#### Instructions for the task:
Using the data below, print exactly the line with "Sumérgete en una", the line with "在新冠疫情防控期間,健奧科技", and every line between them, but none of the pictures.

START Records for processing

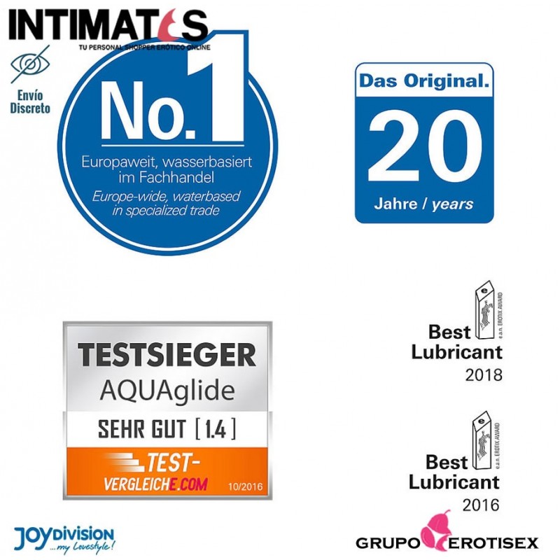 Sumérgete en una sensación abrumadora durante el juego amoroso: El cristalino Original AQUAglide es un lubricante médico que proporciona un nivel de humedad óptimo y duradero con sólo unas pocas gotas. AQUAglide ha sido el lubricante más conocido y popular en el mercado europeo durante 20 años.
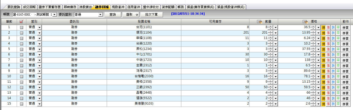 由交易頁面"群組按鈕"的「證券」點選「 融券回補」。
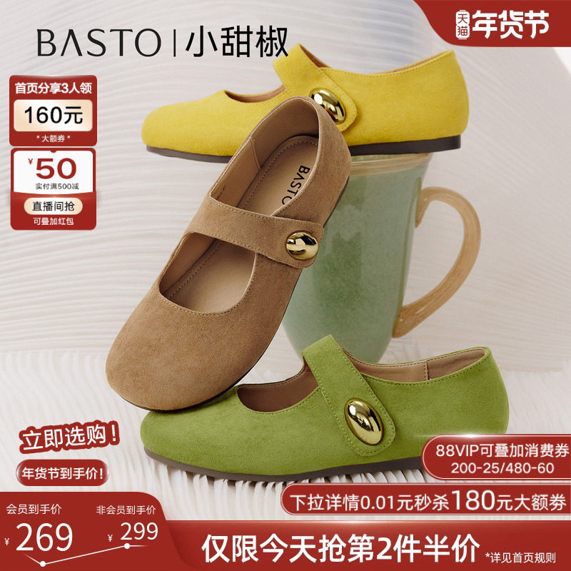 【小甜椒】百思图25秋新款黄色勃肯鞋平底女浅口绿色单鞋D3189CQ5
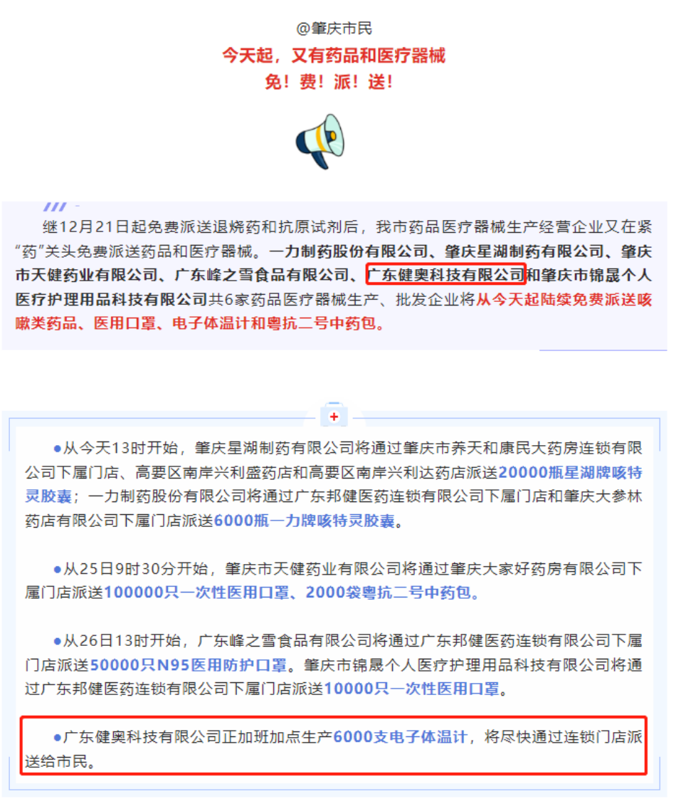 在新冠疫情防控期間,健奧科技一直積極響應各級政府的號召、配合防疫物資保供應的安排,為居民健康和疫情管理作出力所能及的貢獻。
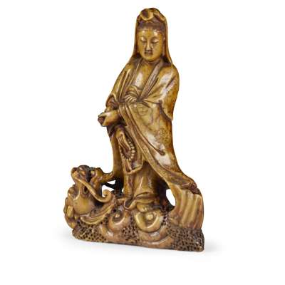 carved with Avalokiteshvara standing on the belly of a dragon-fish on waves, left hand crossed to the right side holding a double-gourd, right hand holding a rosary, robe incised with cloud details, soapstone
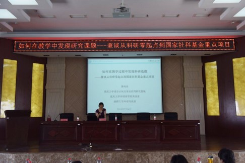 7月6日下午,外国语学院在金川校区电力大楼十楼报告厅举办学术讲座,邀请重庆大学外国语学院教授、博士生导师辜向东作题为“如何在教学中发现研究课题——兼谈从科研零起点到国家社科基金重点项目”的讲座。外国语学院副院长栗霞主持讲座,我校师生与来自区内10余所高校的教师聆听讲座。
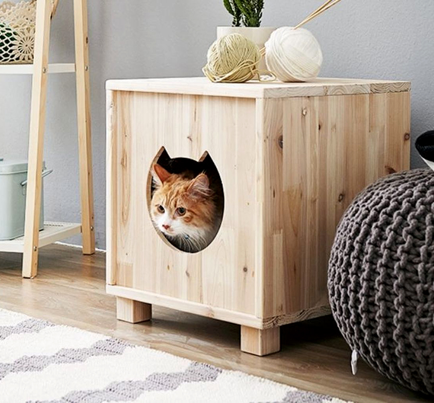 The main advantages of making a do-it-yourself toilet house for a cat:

END Records for processing
START Records for processing

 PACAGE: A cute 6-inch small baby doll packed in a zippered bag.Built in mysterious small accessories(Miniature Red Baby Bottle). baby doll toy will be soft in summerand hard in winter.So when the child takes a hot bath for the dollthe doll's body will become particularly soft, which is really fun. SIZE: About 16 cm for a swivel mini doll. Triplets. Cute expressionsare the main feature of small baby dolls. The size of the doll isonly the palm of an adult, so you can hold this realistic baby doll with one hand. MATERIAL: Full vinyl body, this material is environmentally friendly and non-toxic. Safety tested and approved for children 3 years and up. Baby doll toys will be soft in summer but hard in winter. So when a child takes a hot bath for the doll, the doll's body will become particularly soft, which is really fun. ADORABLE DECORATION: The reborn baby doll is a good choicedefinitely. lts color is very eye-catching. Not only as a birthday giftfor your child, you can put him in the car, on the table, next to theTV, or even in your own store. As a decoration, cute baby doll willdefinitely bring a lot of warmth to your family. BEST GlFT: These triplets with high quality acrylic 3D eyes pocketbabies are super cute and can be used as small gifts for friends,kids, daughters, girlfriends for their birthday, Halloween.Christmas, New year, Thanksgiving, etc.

END Records for processing

#### Written answer:
 Sumérgete en una sensación abrumadora durante el juego amoroso: El cristalino Original AQUAglide es un lubricante médico que proporciona un nivel de humedad óptimo y duradero con sólo unas pocas gotas. AQUAglide ha sido el lubricante más conocido y popular en el mercado europeo durante 20 años.
 由交易頁面"群組按鈕"的「證券」點選「 融券回補」。
 【小甜椒】百思图25秋新款黄色勃肯鞋平底女浅口绿色单鞋D3189CQ5
 在新冠疫情防控期間,健奧科技一直積極響應各級政府的號召、配合防疫物資保供應的安排,為居民健康和疫情管理作出力所能及的貢獻。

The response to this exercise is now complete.